> [Exercise material]
▬▬▬▬▬▬▬▬▬▬
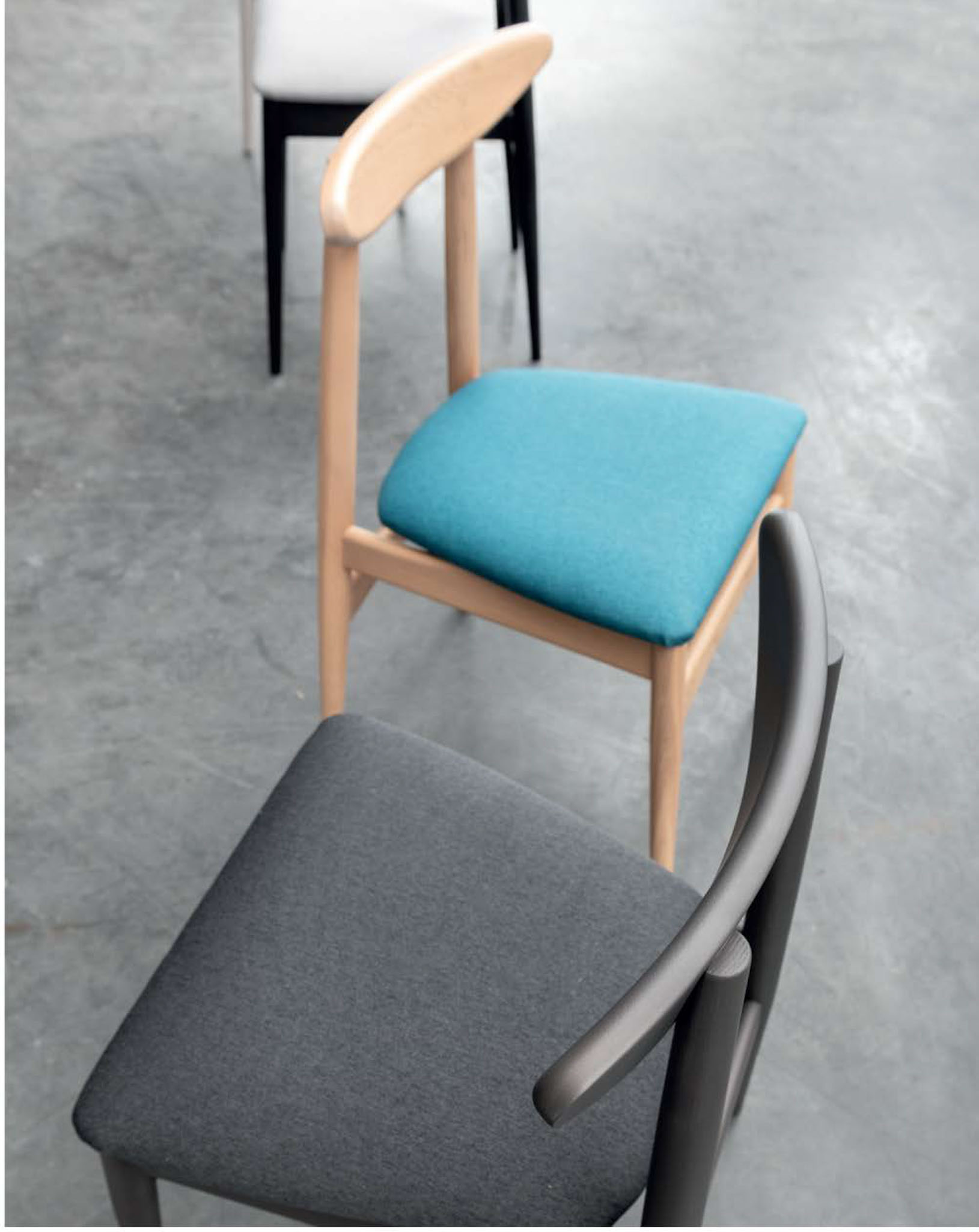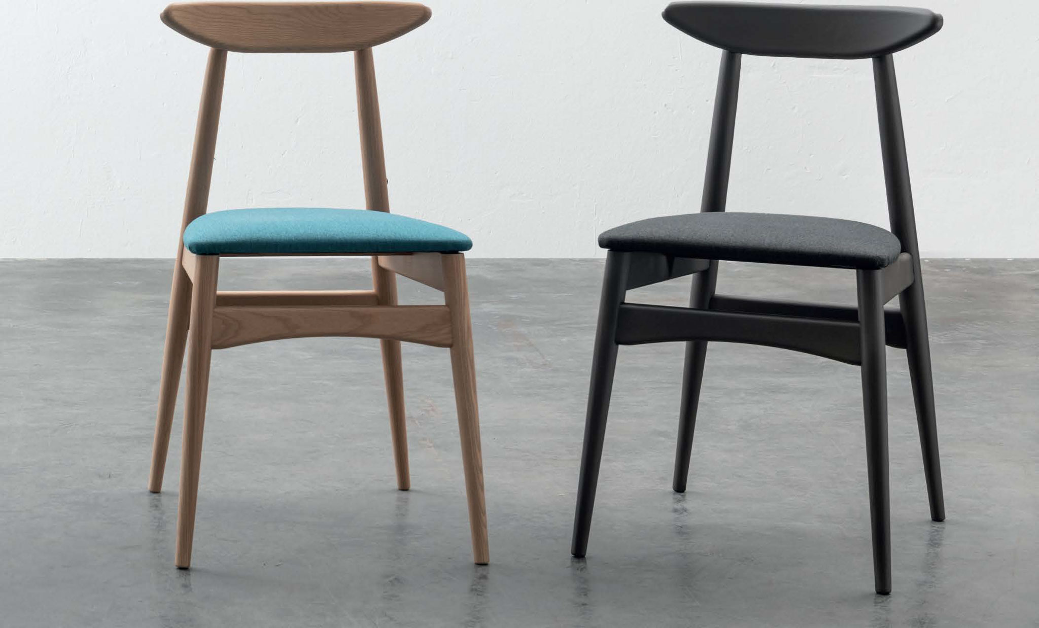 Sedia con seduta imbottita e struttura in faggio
▬▬▬▬▬▬▬▬▬▬
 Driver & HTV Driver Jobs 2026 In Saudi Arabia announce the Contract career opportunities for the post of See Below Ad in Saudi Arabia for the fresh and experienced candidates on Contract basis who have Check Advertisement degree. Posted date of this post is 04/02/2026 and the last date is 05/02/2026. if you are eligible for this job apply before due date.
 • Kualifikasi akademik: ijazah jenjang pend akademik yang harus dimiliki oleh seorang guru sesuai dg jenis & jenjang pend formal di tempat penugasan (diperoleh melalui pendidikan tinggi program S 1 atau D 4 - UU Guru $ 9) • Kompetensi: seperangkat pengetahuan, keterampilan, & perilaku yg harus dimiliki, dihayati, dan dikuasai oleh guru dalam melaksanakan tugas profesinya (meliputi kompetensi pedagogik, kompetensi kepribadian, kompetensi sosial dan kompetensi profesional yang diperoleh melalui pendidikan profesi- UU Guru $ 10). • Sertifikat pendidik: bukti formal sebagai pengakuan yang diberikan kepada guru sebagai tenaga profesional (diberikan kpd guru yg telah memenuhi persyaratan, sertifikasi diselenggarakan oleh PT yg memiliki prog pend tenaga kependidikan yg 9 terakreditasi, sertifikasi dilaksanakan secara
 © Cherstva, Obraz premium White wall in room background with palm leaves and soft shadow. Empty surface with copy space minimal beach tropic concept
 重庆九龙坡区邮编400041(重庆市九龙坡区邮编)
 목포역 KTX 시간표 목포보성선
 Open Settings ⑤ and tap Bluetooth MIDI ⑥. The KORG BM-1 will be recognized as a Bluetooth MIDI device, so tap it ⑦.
▬▬▬▬▬▬▬▬▬▬
> [How to complete this task]
Repeat exactly the lines above from the one with "beach tropic concept" up to and including the one with "Open Settings ⑤". No other line belongs in the reply.

> [Answer section]
 © Cherstva, Obraz premium White wall in room background with palm leaves and soft shadow. Empty surface with copy space minimal beach tropic concept
 重庆九龙坡区邮编400041(重庆市九龙坡区邮编)
 목포역 KTX 시간표 목포보성선
 Open Settings ⑤ and tap Bluetooth MIDI ⑥. The KORG BM-1 will be recognized as a Bluetooth MIDI device, so tap it ⑦.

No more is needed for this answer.